### Available records:

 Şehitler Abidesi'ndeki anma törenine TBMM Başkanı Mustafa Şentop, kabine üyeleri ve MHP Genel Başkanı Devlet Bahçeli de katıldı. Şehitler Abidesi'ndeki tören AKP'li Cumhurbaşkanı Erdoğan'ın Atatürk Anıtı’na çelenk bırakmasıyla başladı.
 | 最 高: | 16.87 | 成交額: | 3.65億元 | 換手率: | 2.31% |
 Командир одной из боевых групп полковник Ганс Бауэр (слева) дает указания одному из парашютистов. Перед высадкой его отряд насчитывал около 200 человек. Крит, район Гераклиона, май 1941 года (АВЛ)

* * *

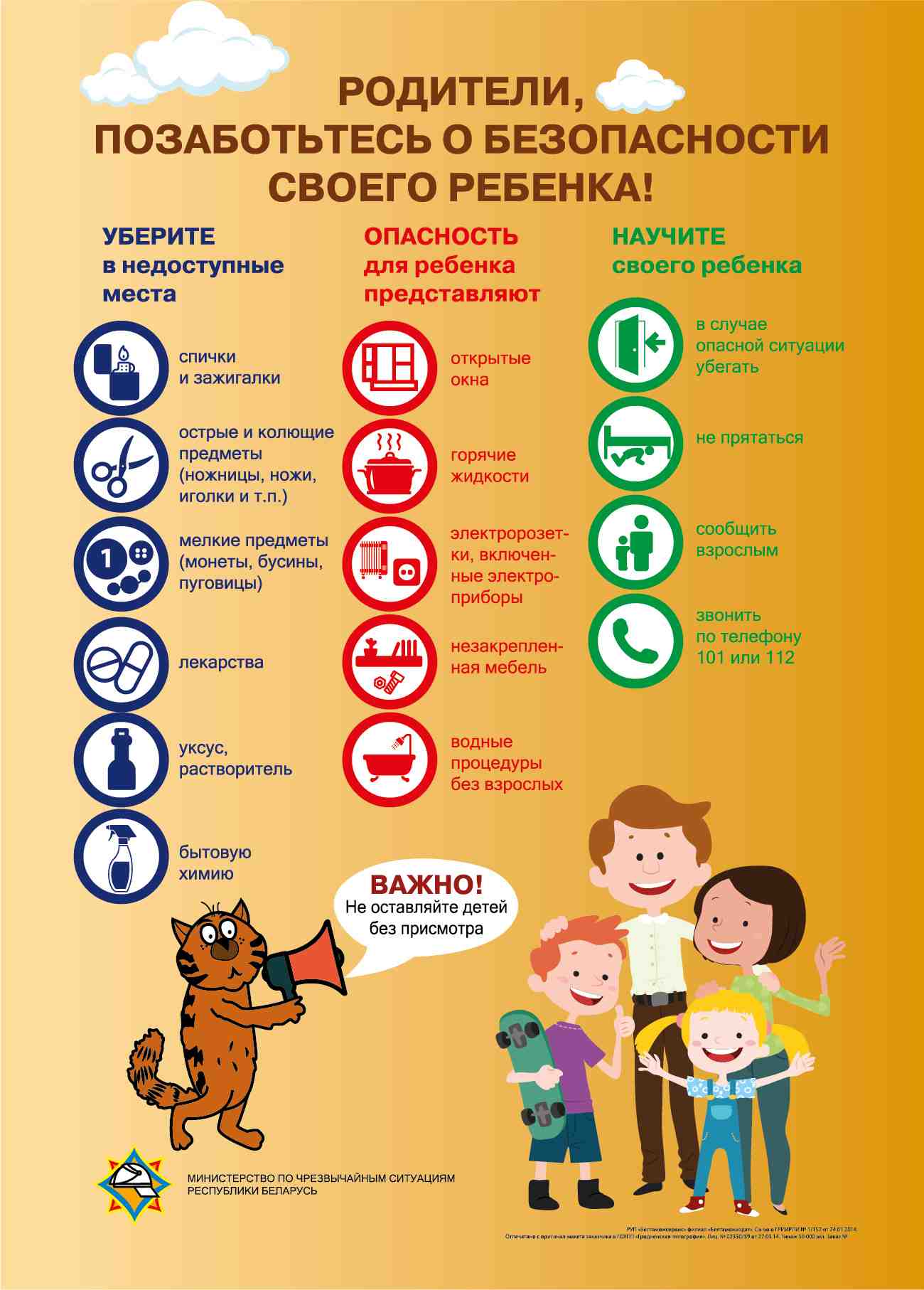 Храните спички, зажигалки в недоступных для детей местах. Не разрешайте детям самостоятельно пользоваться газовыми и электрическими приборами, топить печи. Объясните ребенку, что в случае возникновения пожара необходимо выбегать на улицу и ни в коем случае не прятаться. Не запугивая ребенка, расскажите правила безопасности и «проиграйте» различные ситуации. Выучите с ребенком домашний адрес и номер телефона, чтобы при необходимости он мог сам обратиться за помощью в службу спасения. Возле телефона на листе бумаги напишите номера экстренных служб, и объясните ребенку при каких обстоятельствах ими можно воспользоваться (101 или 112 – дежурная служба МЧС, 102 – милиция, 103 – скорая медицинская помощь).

==

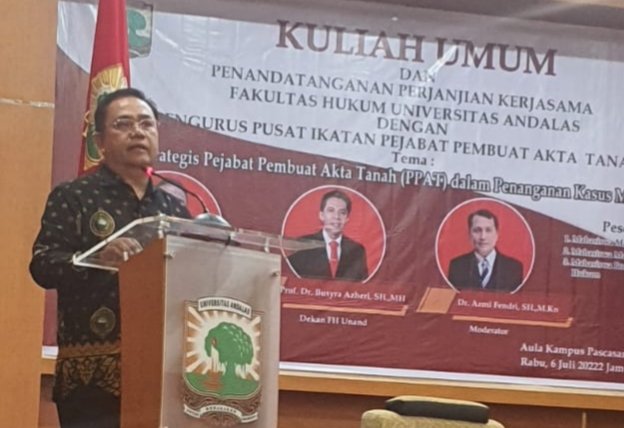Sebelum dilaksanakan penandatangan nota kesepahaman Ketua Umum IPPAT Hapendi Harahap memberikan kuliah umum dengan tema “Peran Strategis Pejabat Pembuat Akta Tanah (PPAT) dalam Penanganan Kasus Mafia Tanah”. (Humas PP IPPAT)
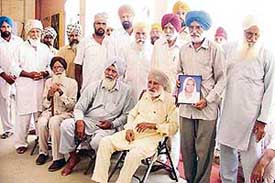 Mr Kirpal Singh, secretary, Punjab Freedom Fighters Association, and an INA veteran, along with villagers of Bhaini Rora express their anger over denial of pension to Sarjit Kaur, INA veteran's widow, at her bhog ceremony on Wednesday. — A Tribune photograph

### Exercise prompt:
In the records above, find the line with "Şehitler Abidesi'ndeki anma"; write out exactly that line and each one after it, stopping after the line with "Командир одной из".

### Your response:
 Şehitler Abidesi'ndeki anma törenine TBMM Başkanı Mustafa Şentop, kabine üyeleri ve MHP Genel Başkanı Devlet Bahçeli de katıldı. Şehitler Abidesi'ndeki tören AKP'li Cumhurbaşkanı Erdoğan'ın Atatürk Anıtı’na çelenk bırakmasıyla başladı.
 | 最 高: | 16.87 | 成交額: | 3.65億元 | 換手率: | 2.31% |
 Командир одной из боевых групп полковник Ганс Бауэр (слева) дает указания одному из парашютистов. Перед высадкой его отряд насчитывал около 200 человек. Крит, район Гераклиона, май 1941 года (АВЛ)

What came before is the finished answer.